Does anyone know information about anyone who has successfully implemented integer prime factorization on the GPU (with performance improvements over CPU)?

CUDA 1.0 has 64 bit integer support (from the changelog), but I’m talking about 1024+ bit integers. Arithmetic on 1024 bit integers can probably be emulated using 64 bit integers, but there probably wont be too much of a performance benefit. I’m scouring the internet for links on this topic. If anyone has some additional information, that would be useful.

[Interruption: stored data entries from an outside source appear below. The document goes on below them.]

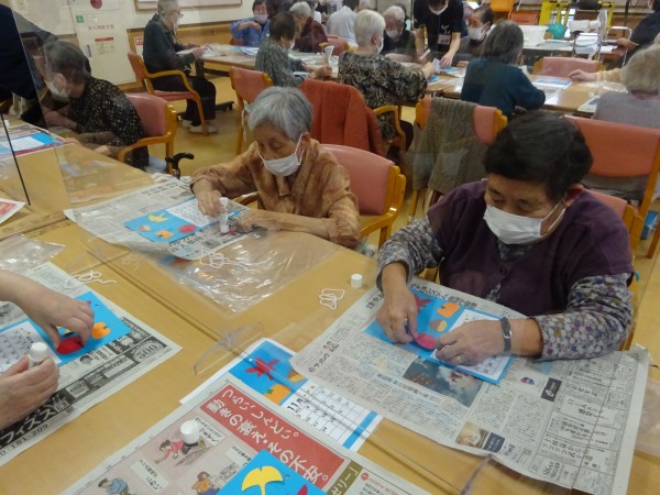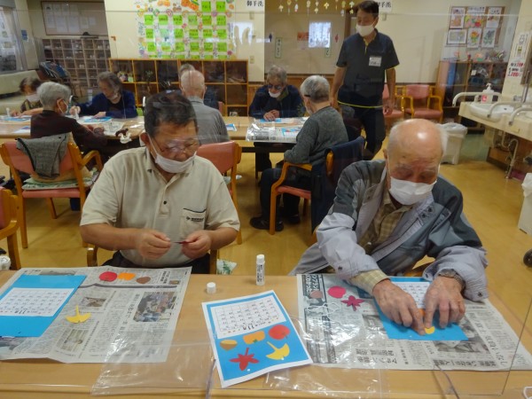 カレンダーを貼った後は、職員が用意した“もみじ” “イチョウ” “りんご” “柿” “栗” 5種類を好きなところに貼っていただきました。
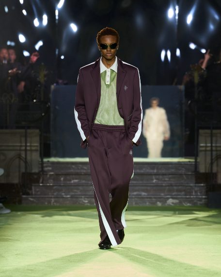 Completi sartoriali che sembrano tute gym, colori fluo mescolati con fantasie animalier, nero e celeste, sfilano alla Paris Fashion Week sulla passerella Primavera/Estate 2026 di Casablanca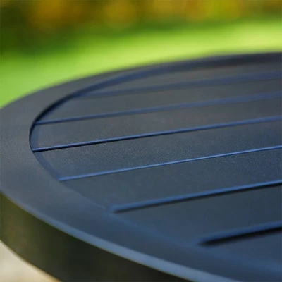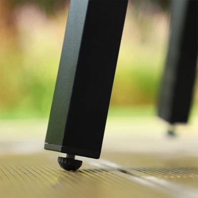 The small side table is made of steel. Matte powder-coated black finish frame, UV and fade resistant. Skid resistant feet for uneven ground and against floor scratching.

I guess emulating 1024 bit integer arithmetics via 64bit integers (after all we are talking about of factor 16) will give a performance hit. But the most painful will not be the increase number of ops, but the memory overhead as you will need to read 16x more data for one integer. If the code is already bandwidth limited, you most probably will get at least 16x slower performance. If the code is computation limited … do not know, but this sounds like something to experiment with.

Actually you don’t need to implement 1024-bit arithmetic to be able to do integer factorization (well, if you don’t use trial division for numbers of such size :) ).

I believe that most time consuming part of modern factorization algorithms — sieving — can be done on GPU with significant speedup, but it may require double precison support. ANyway, I’m not aware of any public information on this topic.

Sieving requires floating point operation, AFAIK. I’m not sure if single precision wil be good enough for it. Sorry, I don’t have very deep knowlegdge of NFS algorithms, I’m just sharing my thougts :)

In Mersenne Prime searches, such as GIMPS, they actually use an FFT to do multiplication of very large integers (billions of digits) efficiently. FFT-based large integer multiplication is important in this case because it has time complexity O(n log(n) log(log(n))), rather than O(n^2).

Using an FFT this way requires a certain level of floating point precision to ensure that round-off error doesn’t taint the final answer. GIMPS is getting close to the limit of double precision FFTs, and may have to switch to quad precision in order to multiply even bigger numbers.

Number field sieve methods may use similar tricks, but I don’t know anything about those.